With respect to Barber's claims based upon disputed charges that have occurred since January 7, 2002, UPS's motion for a judgment on the pleadings is GRANTED to the extent that Barber did not give notice to UPS of the disputed charges within 180 days of receiving the invoice. Said claims are therefore DISMISSED WITH PREJUDICE.

NOTES

[1] The FAAA also contains a preemption clause stating that "a State . . . may not enact or enforce a law, regulation, or other provision having the force and effect of law related to a price, route, or service of an air carrier or carrier affiliated with a direct air carrier . . ." 49 U.S.C. § 41713(b)(4)(A).

[2] Congress had since revised the preemption provision of the ADA to read:

"[A] State . . . may not enact or enforce a law, regulation, or other provision having the force and effect of law related to a price, route, or service of an air carrier. . . . "

49 U.S.C. § 41713(b)(1)

[3] The Carmack Amendment states in relevant part:

A carrier providing transportation or service . . . shall issue a receipt or bill of lading for property it receives for transportation under this part.
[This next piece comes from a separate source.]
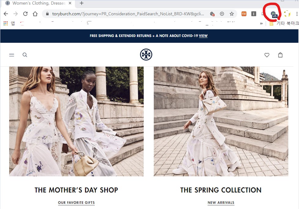◆컴퓨터 VPN우회 무료 프로그램 Browsec 를 켜고 다시 TORY BURCH를 접속해보면, 다른 URL로 접속이 되면서 봄 컬렉션을 조회할수 있는 웹사이트로 접속이 원활하게 되는것을 확인할수 있습니다.

That carrier . . . [is] liable to the person entitled to recover under the receipt or bill of lading. The liability imposed under this paragraph is for the actual loss or injury to the property.

49 U.S.C. § 14706(a)(1).

[4] In 2005, the language of the Customer Agreement changed with regard to the 180-day notice provision. Specifically, since 2005 the Customer Agreement required that "[a]ll claims against UPS arising from or related to the provision of service by UPS . . . shall be extinguished unless the shipper . . . pleads on the face of any complaint filed against UPS satisfaction and compliance with those notice and claims periods as a contractual condition precedent to recovery." Def.'s Ex. B at 142; Def.'s Ex. C-E at Item 505.

[5] The parties also dispute whether the 180-day statutory notice provision set out in 49 U.S.C. § 13710(a)(3)(B) applies to Barber's claims against UPS. Because the court finds that the contractual 180-day notice provision in the Customer Agreement applies to Barber's claims, the court does not need to address the applicability of § 13710(a)(3)(B).